### Problem
Word for word, set down the records and skip each picture.
━━━━━ Given entries
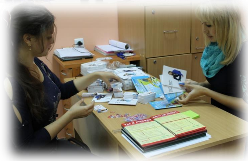
Prevenția HIV în rândul tinerilor: practici și recomandări
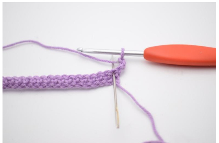
2. 2 Stb in die erste M häkeln.
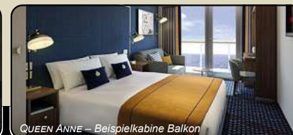
QUEEN ANNE – Beispielkabine Balkon
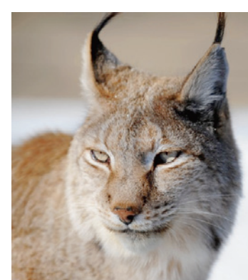
Le dernier lynx tué par un véhicule l'avait été en 2009 près de Valangin.
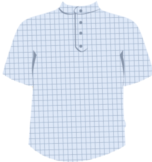
Chemise Vichy col Mao
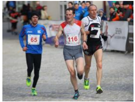
Siegertrio 10 km Lauf
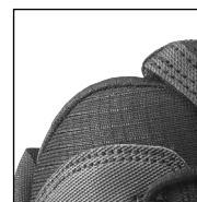
HAIX® Climate System
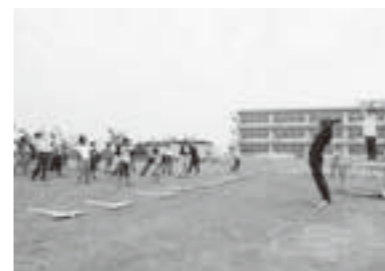
長瀬小学校では、新校舎を見ながらさわやかに体操しました

8月1日に「ラジオ体操会」が開かれ町内6小学校を会場に子どもから高齢者まで計992人が参加しました。 これは、平成14年にNHKの夏季巡回ラジオ体操が亘理町から全国放送されたことを機に、毎年8月1日を「亘理町ラジオ体操の日」と定め、健康保持と増進を図るため続けられています。 なかでも長瀬小学校では、7月に完成したばかりの新校舎を見ながら始めにラジオ体操の歌を全員で声高らかに歌い、ラジオ体操第一と第二に取り組みました。 終了後は、長瀬小学校新校舎の見学会が行われ、体操を終えて、すがすがしい表情を浮かべた参加者たちが、真新しい教室を眺めたり、屋上の避難外階段を確認していました。
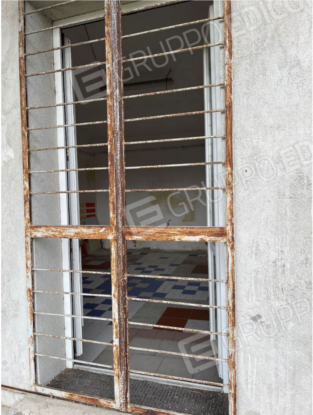
Figura 46: vista del bene 2
━━━━━━━━━━
### Reply to the task
Prevenția HIV în rândul tinerilor: practici și recomandări
2. 2 Stb in die erste M häkeln.
QUEEN ANNE – Beispielkabine Balkon
Le dernier lynx tué par un véhicule l'avait été en 2009 près de Valangin.
Chemise Vichy col Mao
Siegertrio 10 km Lauf
HAIX® Climate System
長瀬小学校では、新校舎を見ながらさわやかに体操しました

8月1日に「ラジオ体操会」が開かれ町内6小学校を会場に子どもから高齢者まで計992人が参加しました。 これは、平成14年にNHKの夏季巡回ラジオ体操が亘理町から全国放送されたことを機に、毎年8月1日を「亘理町ラジオ体操の日」と定め、健康保持と増進を図るため続けられています。 なかでも長瀬小学校では、7月に完成したばかりの新校舎を見ながら始めにラジオ体操の歌を全員で声高らかに歌い、ラジオ体操第一と第二に取り組みました。 終了後は、長瀬小学校新校舎の見学会が行われ、体操を終えて、すがすがしい表情を浮かべた参加者たちが、真新しい教室を眺めたり、屋上の避難外階段を確認していました。
Figura 46: vista del bene 2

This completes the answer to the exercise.